# The Math joke thread!



## Grandalf (Jun 7, 2014)




----------



## Stickman (Sep 30, 2012)

Grandalf said:


> View attachment 461578


----------



## bob007 (Jan 2, 2016)

Here a math pick up line 

Guy talking to girl : you look like a 90 degres angle

Girl : Why ?

Guy : Because you look right ! 

This come from bigdaws tv on youtube. it just epic ...


----------



## Dr.Delusion (Dec 27, 2015)

A: Are you a Pi? 
B: Why?
A: Because you're so irrational.


----------



## VinnieBob (Mar 24, 2014)

do you know why 6 feared 7?:anyone::anyone:

because 7 8 9:laughing:


----------



## Psychophant (Nov 29, 2013)

cybersloth81 said:


> There are 10 types of people
> 
> Those who understand it
> And those who dont


and those who didn't expect the joke to be in base 3.


----------



## Stelmaria (Sep 30, 2011)

How come so many of Newton's 1st dates were his last? 

I ask because he kept referring to dee ex.




Yeah, it's terrible! :frustrating:
Maybe you all can steal some better jokes!


----------



## Stelmaria (Sep 30, 2011)

It's hard to differentiate the contributions of Newton & Leibniz to #math since both were integral to change.


----------



## ShatteredHeart (Jul 11, 2014)

I don't know what your *angle* is but please no *tangents*


----------



## puzzled (Mar 15, 2016)

Disclaimer: This is more a physics joke than a math joke.

_Don't be a d^3x/dt^3_


----------



## Stelmaria (Sep 30, 2011)

This Fibonacci joke is as bad as the last two you have heard, combined!


----------



## g_w (Apr 16, 2013)




----------



## Stelmaria (Sep 30, 2011)

What do you get when you cross a mosquito with a rock climber? Answer: Nothing.

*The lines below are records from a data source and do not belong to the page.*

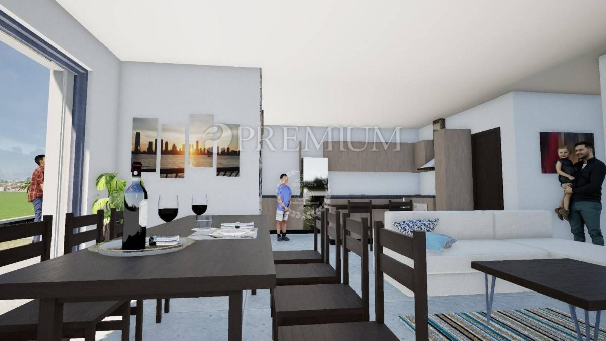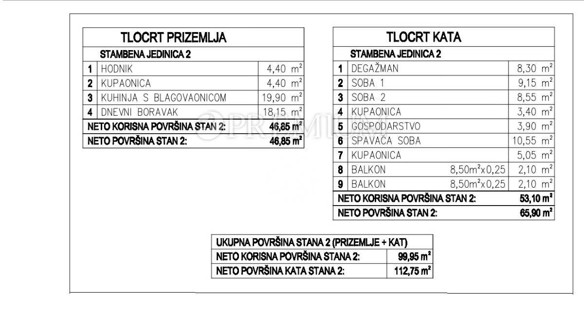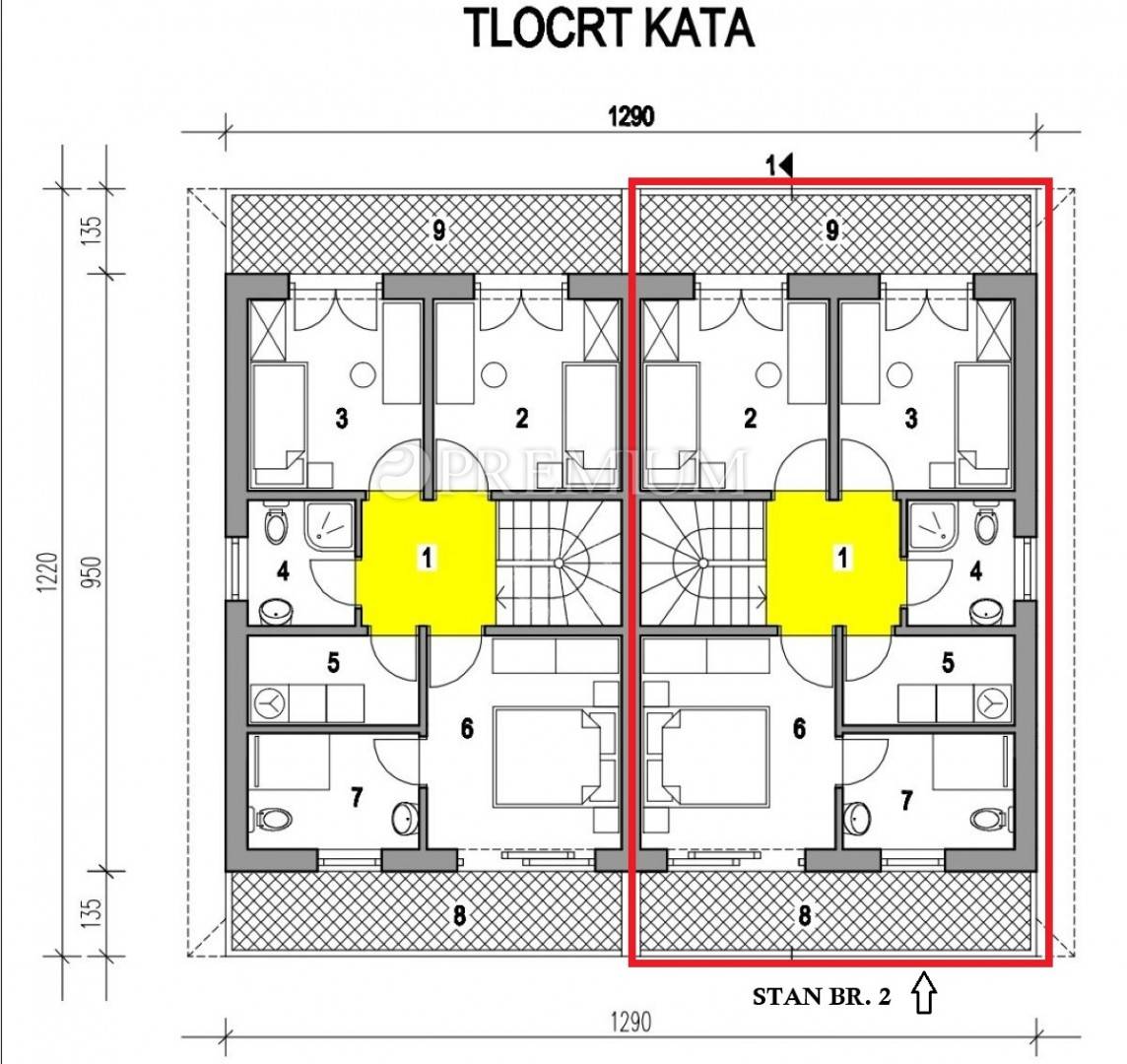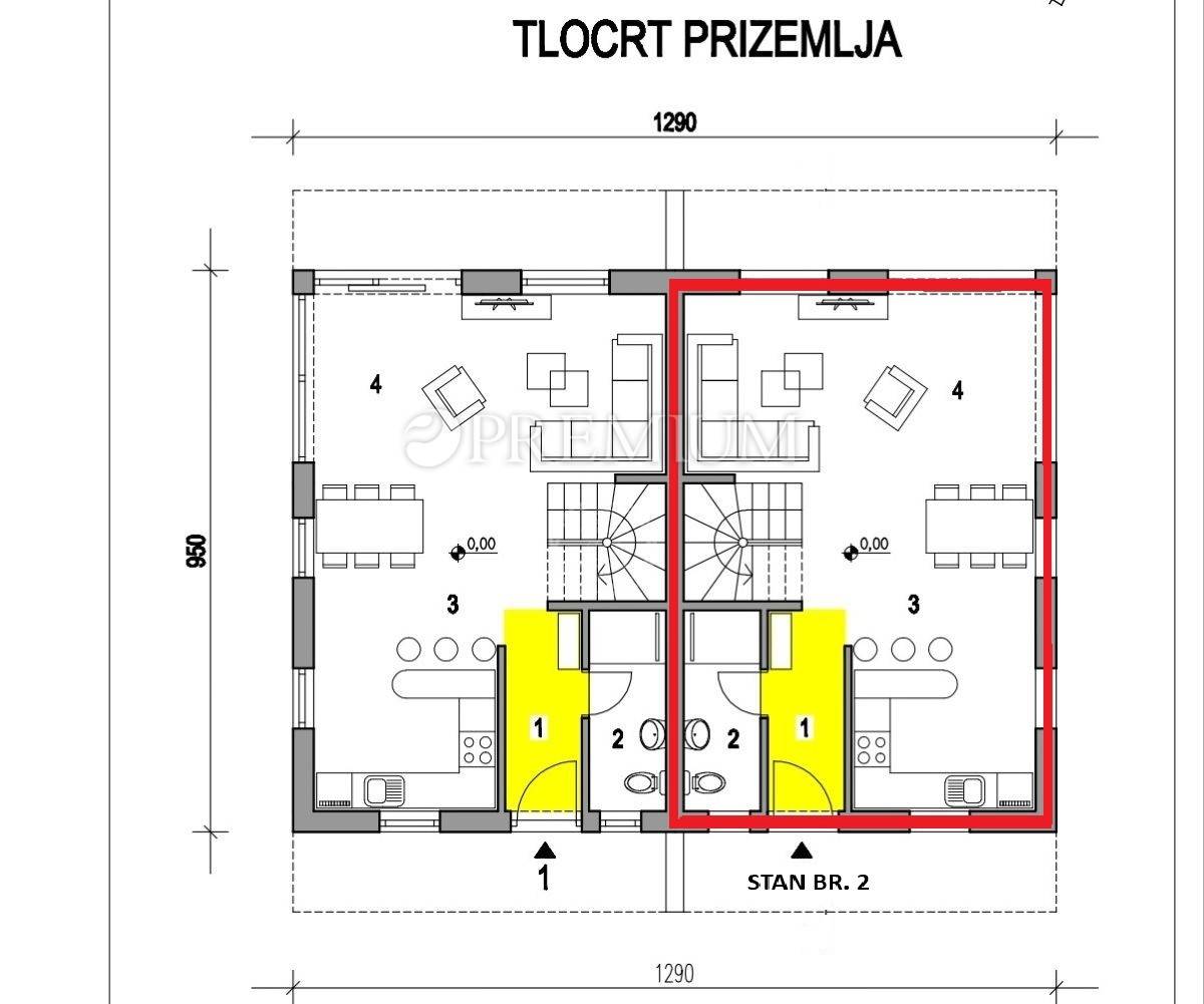 Na prodaju je nova dvojna kuća s neto stambenom površinom od 113 m² i okućnicom od cca 160 m². Kuća se prostire na dvije etaže.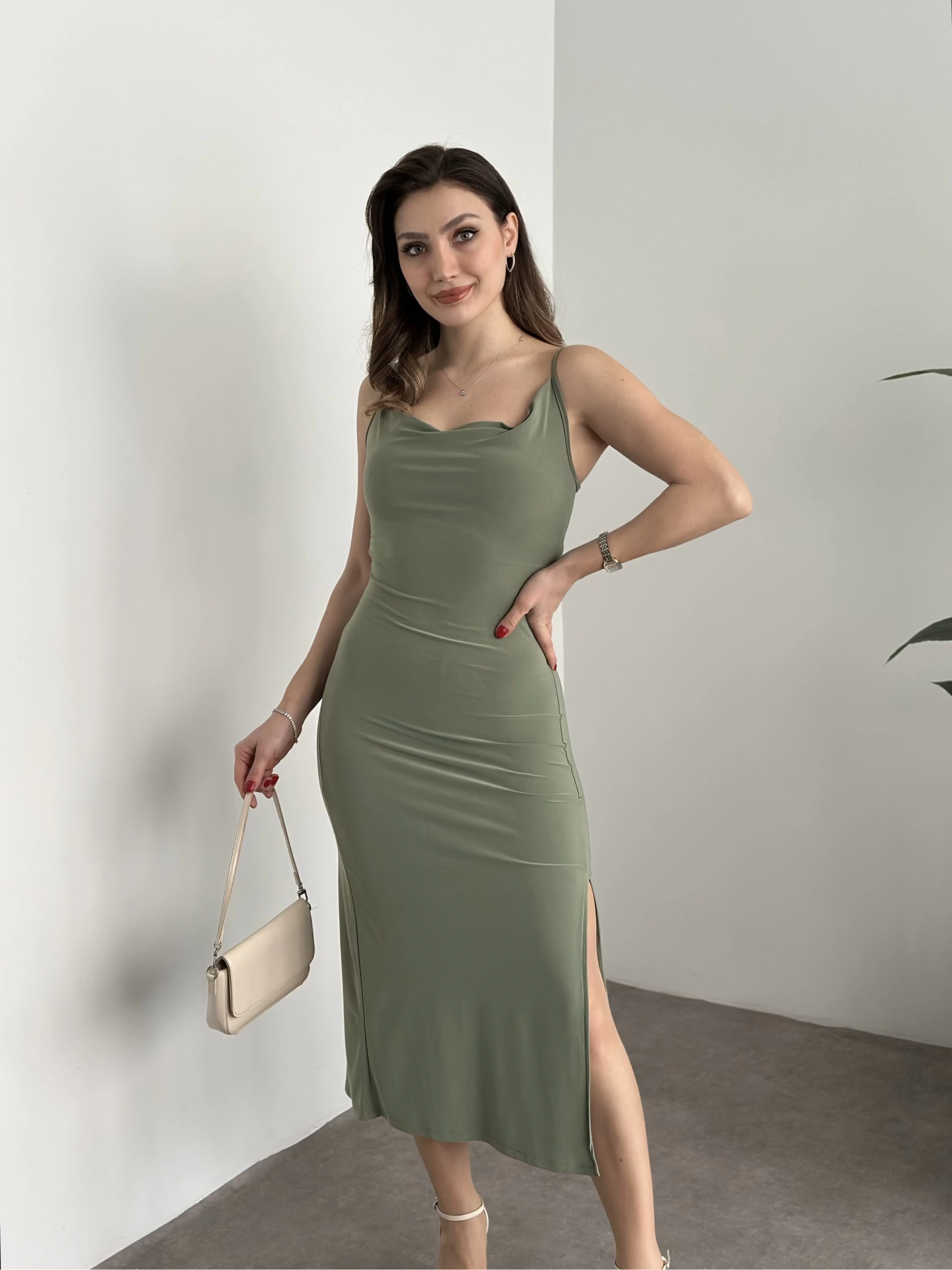 Askılı yırtmaç detaylı ithal sandy kumaş elbise yeşil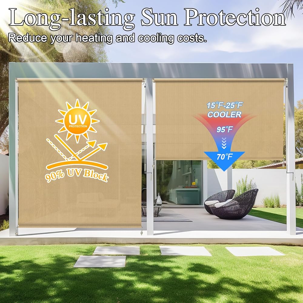 [90% UV Blocking]: Amagenix exterior roller shade uses 220 GSM 100% pure non-recycled HDPE shade fabric. Blocking 90% of harmful UV rays, these outdoor shades protect privacy and reduce sun glare
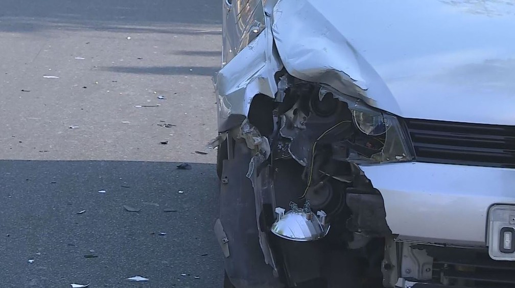 Parte da frente do carro ficou destruída — Foto: Reprodução/TV Globo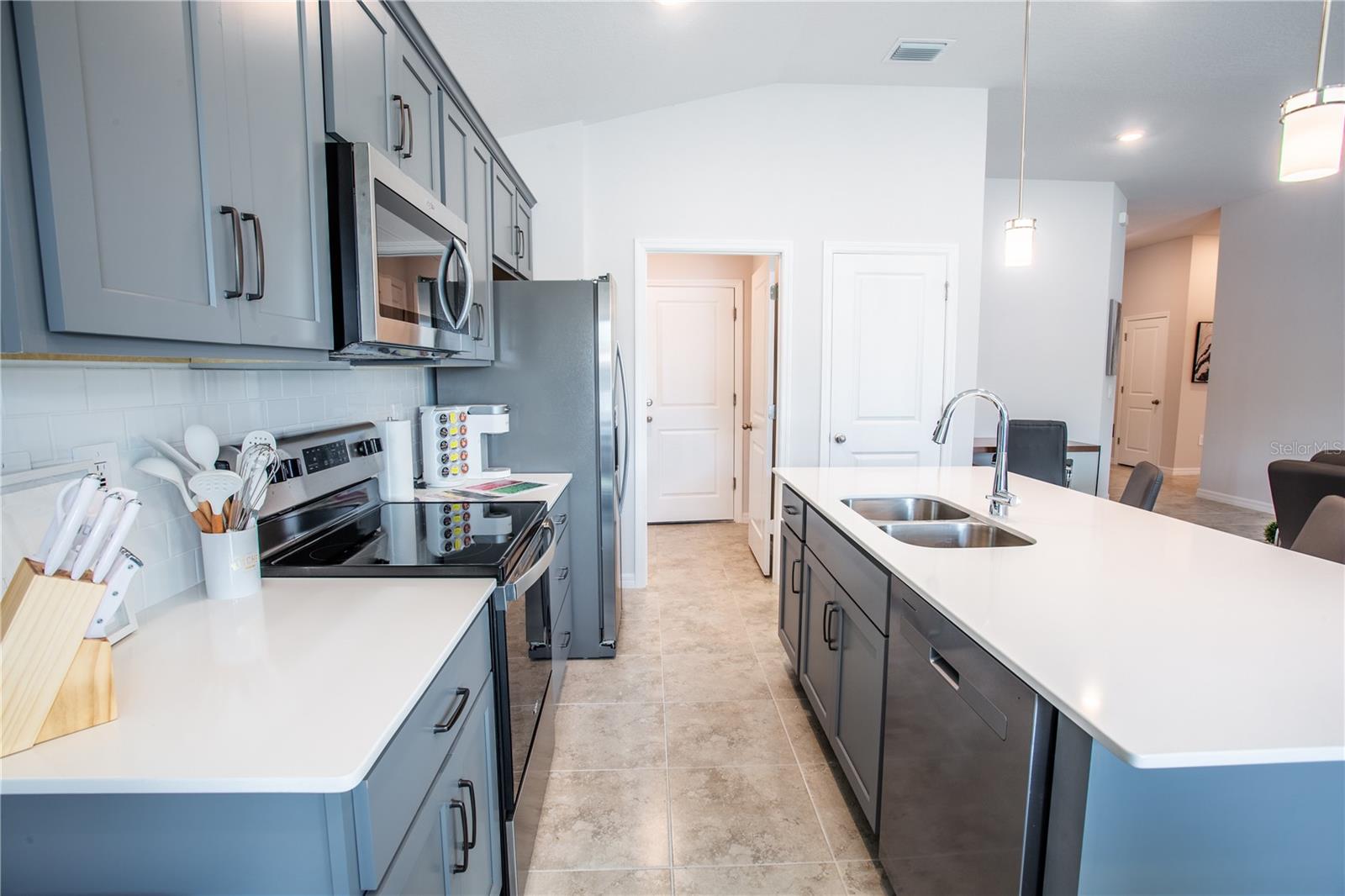 ***NEW CONSTRUCTION, NO WAIT, MOVE IN READY!*** Elevate your lifestyle with the opulence of the Lido floorplan presented by Carpenter Homes—a masterpiece within the Florida Living Series, certified by the Florida Green Building Coalition (FGBC). This home features 3 bedrooms and 2 full bathrooms. This dream home is designed and built to immerse you in luxury. As you enter, a beautiful kitchen welcomes you with an expansive, oversized island that seamlessly flows into the living and dining area. The finesse of soft-close, Shaker 36" cabinets, and upgraded Miami White quartz countertops add a functional touch of luxury to the kitchen. Kitchen upgrades include a Moen Sleek chrome kitchen faucet, garbage disposal, and sleek stainless steel energy efficient appliances. This home exudes sophistication with a vaulted ceiling and sliding glass doors! Additionally, Carpenter Homes provides an upgraded Oslo brushed nickel lighting package including pendants over the kitchen island, and vanity fixtures in both bathrooms, accenting the overall lighting design. Brushed steel finish ceiling fans in each bedroom, as well as the great room, helps to circulate air flow and keep you cool in the Florida weather. Complimenting the expansive living area is Magnisi 18"x18" ceramic tile flooring. The Owner's suite is a sanctuary of indulgence, showcasing tiled Magnisi Silver 8x12 walls in the shower and a large walk-in closet. The home boasts Magnisi Silver 8x12 upgraded tiled walls in the second bath/shower, Miami White quartz vanity tops, and Moen Genta LX chrome faucets and shower/tub trim kits. The ampleness of this home continues with a utility room, and thoughtful additions such as energy-efficient R-4.1 insulation on concrete exterior walls, Taexx tubes for pest control, and fabric hurricane shutters for every window. The Florida friendly landscaped yard is complemented by an irrigation system with rain sensor to help maximize efficiency. This secure community not only enhances the outdoor space's sophistication but also creates an ideal setting for a range of family activities, turning the backyard into a retreat for intimate family gatherings and treasured moments. The expansive 2-car garage, complete with garage door opener and two remotes, not only provides ample space for your everyday needs but also ensures the utmost convenience and versatility for all your storage and parking requirements. Step into a world where extravagance meets eco-conscious living—your forever home awaits, a testament to timeless elegance and modern sustainability. COMMUNITY Oak Hollow residents enjoy municipal water and sewer, underground utilities, and paved county sidewalks. We are within walking or biking distance to major grocery stores, restaurants, the public library, cultural center, and many shopping areas! Residents enjoy members-only access to the Oak Hollow Recreation Center which includes an exercise room, table tennis, heated swimming pool (no lifeguard), children's playground, tennis court, pickleball, bocce ball court, horseshoes, corn-hole, billiards room, basketball court, picnic tables shaded by beautiful old oak trees, a lending library, and many social events throughout the year!

You can't cross a vector with a scalar


----------



## VinnieBob (Mar 24, 2014)

i once had a math teacher who had a geomatree 
it had square roots


----------



## Stelmaria (Sep 30, 2011)

Box and whisker plot!


----------



## Simpson17866 (Dec 3, 2014)

I hereby stake my claim to the Prize in Mathematics for discovering and naming the Nobel Curve:

________________________________


----------



## HAL (May 10, 2014)

Remind me to never create material for an actual comedian.


----------



## Maybe (Sep 10, 2016)

i don't have any real jokes.


----------



## HAL (May 10, 2014)

Maybe said:


> i don't have any real jokes.


Well that's just the root of the problem. You'll find the real issue is that you're simply too negative.


----------



## Stelmaria (Sep 30, 2011)

Maybe said:


> i don't have any real jokes.


Try some jokes in the complex domain then!


----------



## Riven (Jan 17, 2015)




----------